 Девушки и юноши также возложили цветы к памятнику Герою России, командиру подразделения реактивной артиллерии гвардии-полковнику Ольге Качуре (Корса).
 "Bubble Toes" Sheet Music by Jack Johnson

---

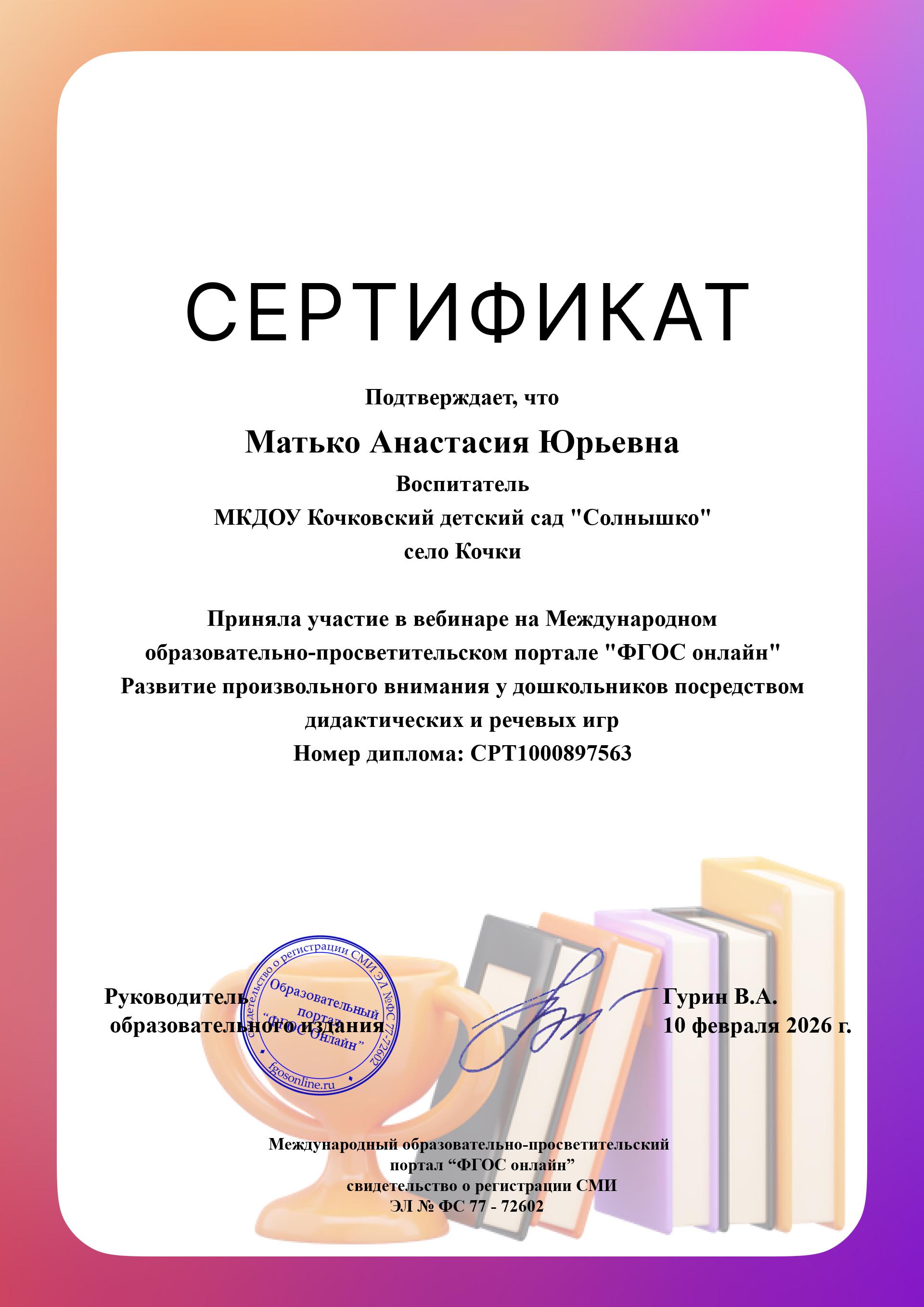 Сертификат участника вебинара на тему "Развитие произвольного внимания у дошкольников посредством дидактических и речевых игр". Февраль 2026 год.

▶ _WORK ITEM_
Everything from the line containing "Девушки и юноши" through the line containing "by Jack Johnson" in the material above should be retyped exactly, both ends included, and nothing more.

▶ _WRITTEN RESPONSE_
 Девушки и юноши также возложили цветы к памятнику Герою России, командиру подразделения реактивной артиллерии гвардии-полковнику Ольге Качуре (Корса).
 "Bubble Toes" Sheet Music by Jack Johnson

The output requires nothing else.